Cariño: Baguio Connections 45

THIS week, we are at how a Baguio shutdown could help us all.

First off, a closure a la Boracay would give government -- nay, coerce it to take - the time and space to identify exactly how Baguio should be managed.

A lucid look at carrying capacity will determine the actual number of people that can safely be in the city at any one given time. A la Boracay, the number can then and should be used to determine just how many tourists can be allowed into the city on a given day, week, month, year.

Unlike now, where the population is at a willy-nilly number. There is "daytime" population and "night time" population. There is "seasonal" versus "permanent." There is "with migrants included" and not...

Also, watersheds and other government reservations have to revert back to being exactly that: watersheds and reservations. And camping in Burnham Park?

Parks in any city the world over are referred to as the lungs of these cities. There's a reason they are called lungs, and it's obvious. So who wants tents and trash and offal in your lungs? Nobody. We want trees and health and space in our parks. And yes, they should be very tightly regulated as to the commerce of man.

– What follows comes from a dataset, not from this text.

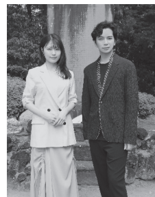
Boletim informativo de HAMAMATSU Junho /2023

Besides clearing public parks, watersheds, and reservations, Baguio's endless number of springs have to be protected (the Baguio Water District identified where they are decades ago), secured, and with clean and current technology, made to work for the public good. You only need to research the many innovations immediately doable.

There are ways by which to deal with a Baguio shutdown, rehab, and re-entry into the world.

Only President Duterte has shown this country the steel hand such a rehab requires. And we truly wish that hand would clamp down on these mountains as I say yeeeeeeet again, Shut. Us. Down.

Let me give space to other ranters next week, as they can be infinitely more coherent than I'd like to be on the subject of working to solve Baguio's problems.

For now, allow this column to digress, as we bid adieu to an old friend and colleague. Jonathan Selga Borromeo passed on November 4, 2018. By then, our friendship was some 20 years old.

I first met Jon in the late 1990s when he showed up at the house with the latest batch of articles that needed editing and layouting for the Baguio Country Club Herald. He nicely introduced himself as taking over from his predecessor liaison between the club and me, whom they contracted for quite a long time to deliver their newsletter.

Our work made us friends, too. Right now, I'm thinking of the sheer number of printing presses we went through in the years we literally put that newsletter to bed. There was Danny Chan's Allied Press, and there was Unique, and the one in Camp 8 whose name escapes me just now. For a time, we used a Manila-based press through a layout artist who got some sort of deal to deal with that press. There might have been a couple more.

Memories of 20 years of friendship flash through my mind now, as I say to Jonathan, as I did when he first gave me his email -- j_bo_phil@yahoo.com -- anech, may fantasya kang ikaw si JLO?

God speed, Jon.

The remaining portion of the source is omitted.